> What the exercise asks
Given the records below, the lines starting at the line with "The aesthetics of" and ending at the line with "Ulla (Michaela May, 2." should be output exactly, both end lines kept and pictures left out.

> Source data
****************************************

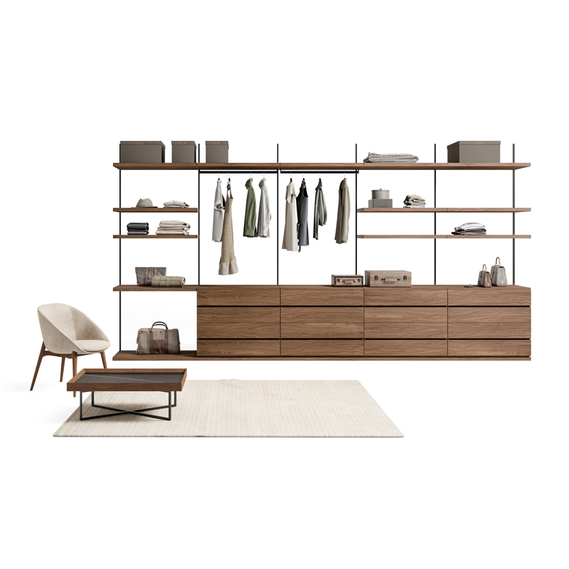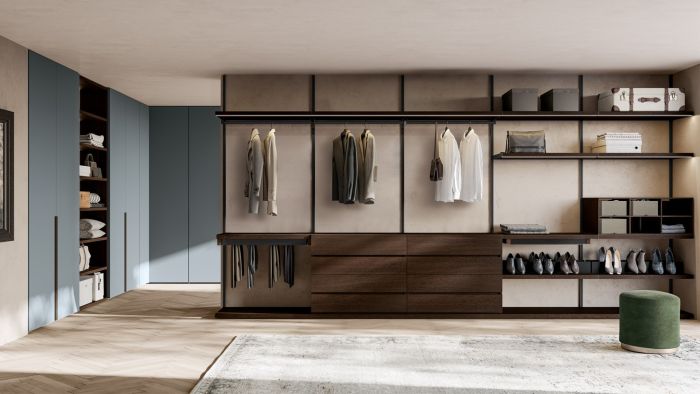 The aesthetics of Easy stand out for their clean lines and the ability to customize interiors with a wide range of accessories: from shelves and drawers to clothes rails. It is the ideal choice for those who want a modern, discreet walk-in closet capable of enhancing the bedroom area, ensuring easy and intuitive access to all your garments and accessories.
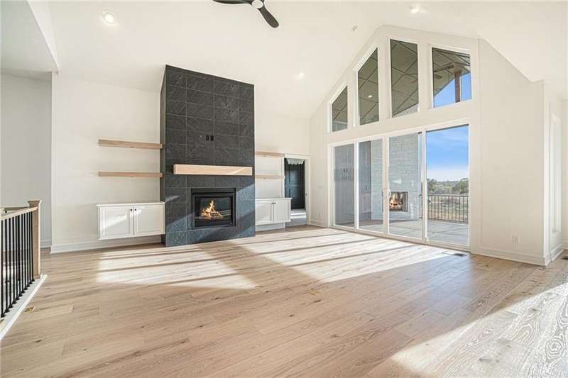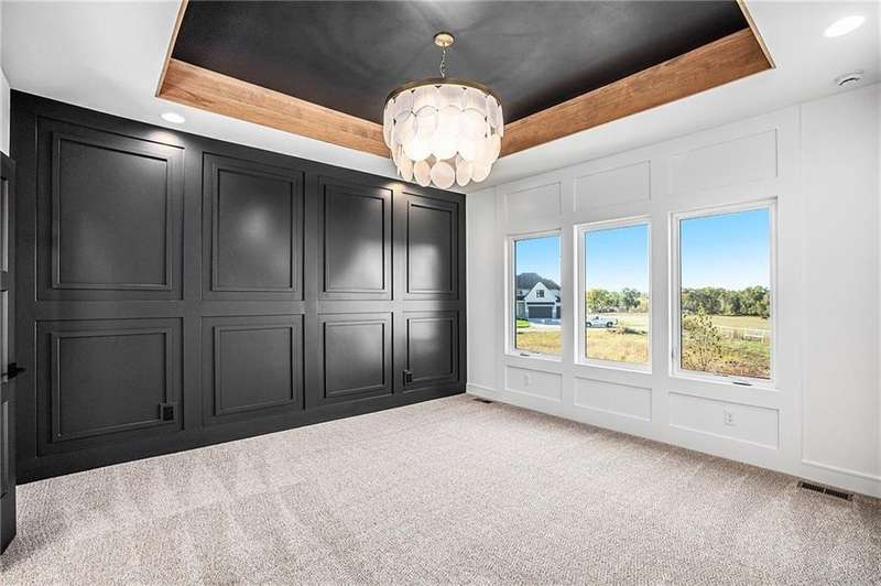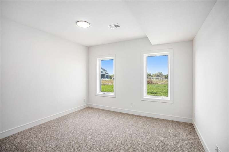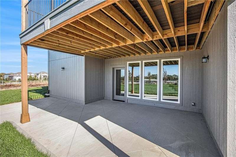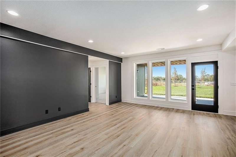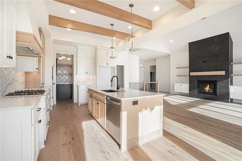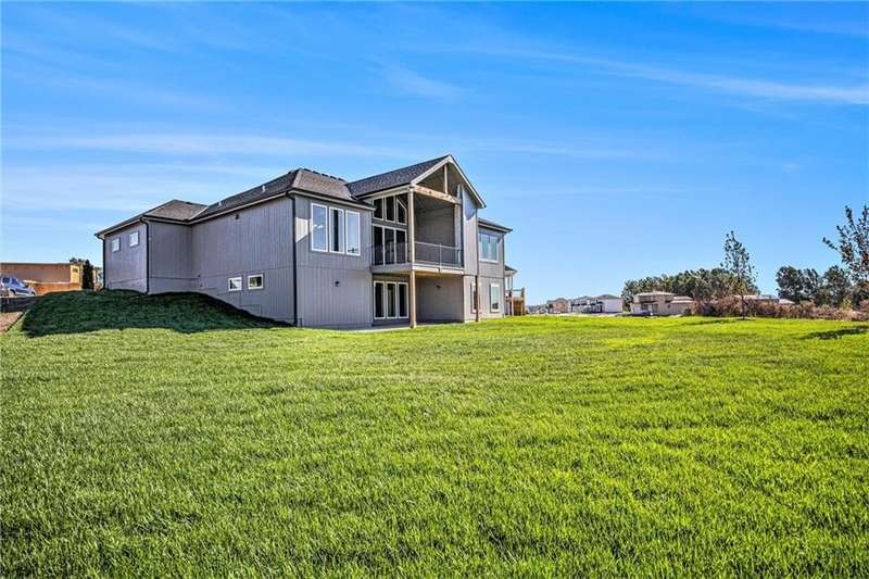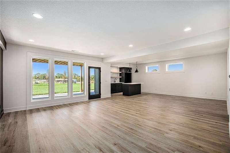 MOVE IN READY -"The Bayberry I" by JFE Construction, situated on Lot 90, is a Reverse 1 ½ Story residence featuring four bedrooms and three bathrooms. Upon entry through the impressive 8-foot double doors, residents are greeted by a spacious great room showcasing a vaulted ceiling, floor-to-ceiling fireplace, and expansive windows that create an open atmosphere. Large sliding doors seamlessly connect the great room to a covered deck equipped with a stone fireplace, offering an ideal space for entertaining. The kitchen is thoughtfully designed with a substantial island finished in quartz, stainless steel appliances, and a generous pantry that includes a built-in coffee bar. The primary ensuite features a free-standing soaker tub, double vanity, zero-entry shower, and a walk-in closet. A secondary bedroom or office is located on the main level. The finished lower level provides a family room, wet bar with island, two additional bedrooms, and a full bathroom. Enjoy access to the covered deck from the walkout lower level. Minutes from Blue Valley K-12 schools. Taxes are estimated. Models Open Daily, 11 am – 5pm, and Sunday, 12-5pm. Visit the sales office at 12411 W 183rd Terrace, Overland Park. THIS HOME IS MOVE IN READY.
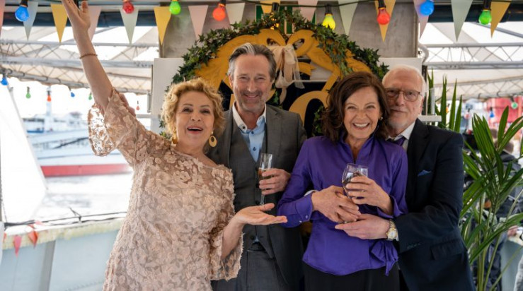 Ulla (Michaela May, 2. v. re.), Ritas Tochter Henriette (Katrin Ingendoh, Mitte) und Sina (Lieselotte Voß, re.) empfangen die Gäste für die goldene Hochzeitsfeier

****************************************

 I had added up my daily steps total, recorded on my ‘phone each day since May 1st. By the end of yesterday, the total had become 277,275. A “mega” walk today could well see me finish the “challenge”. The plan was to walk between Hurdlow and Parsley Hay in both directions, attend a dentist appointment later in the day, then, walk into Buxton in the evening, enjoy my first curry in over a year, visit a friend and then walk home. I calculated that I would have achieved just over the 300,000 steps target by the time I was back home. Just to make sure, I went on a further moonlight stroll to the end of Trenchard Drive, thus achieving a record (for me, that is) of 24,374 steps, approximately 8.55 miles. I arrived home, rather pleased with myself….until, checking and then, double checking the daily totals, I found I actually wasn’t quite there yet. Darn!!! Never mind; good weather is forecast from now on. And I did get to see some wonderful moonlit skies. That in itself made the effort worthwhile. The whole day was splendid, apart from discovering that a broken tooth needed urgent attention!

****************************************

> Answer
 The aesthetics of Easy stand out for their clean lines and the ability to customize interiors with a wide range of accessories: from shelves and drawers to clothes rails. It is the ideal choice for those who want a modern, discreet walk-in closet capable of enhancing the bedroom area, ensuring easy and intuitive access to all your garments and accessories.
 MOVE IN READY -"The Bayberry I" by JFE Construction, situated on Lot 90, is a Reverse 1 ½ Story residence featuring four bedrooms and three bathrooms. Upon entry through the impressive 8-foot double doors, residents are greeted by a spacious great room showcasing a vaulted ceiling, floor-to-ceiling fireplace, and expansive windows that create an open atmosphere. Large sliding doors seamlessly connect the great room to a covered deck equipped with a stone fireplace, offering an ideal space for entertaining. The kitchen is thoughtfully designed with a substantial island finished in quartz, stainless steel appliances, and a generous pantry that includes a built-in coffee bar. The primary ensuite features a free-standing soaker tub, double vanity, zero-entry shower, and a walk-in closet. A secondary bedroom or office is located on the main level. The finished lower level provides a family room, wet bar with island, two additional bedrooms, and a full bathroom. Enjoy access to the covered deck from the walkout lower level. Minutes from Blue Valley K-12 schools. Taxes are estimated. Models Open Daily, 11 am – 5pm, and Sunday, 12-5pm. Visit the sales office at 12411 W 183rd Terrace, Overland Park. THIS HOME IS MOVE IN READY.
 Ulla (Michaela May, 2. v. re.), Ritas Tochter Henriette (Katrin Ingendoh, Mitte) und Sina (Lieselotte Voß, re.) empfangen die Gäste für die goldene Hochzeitsfeier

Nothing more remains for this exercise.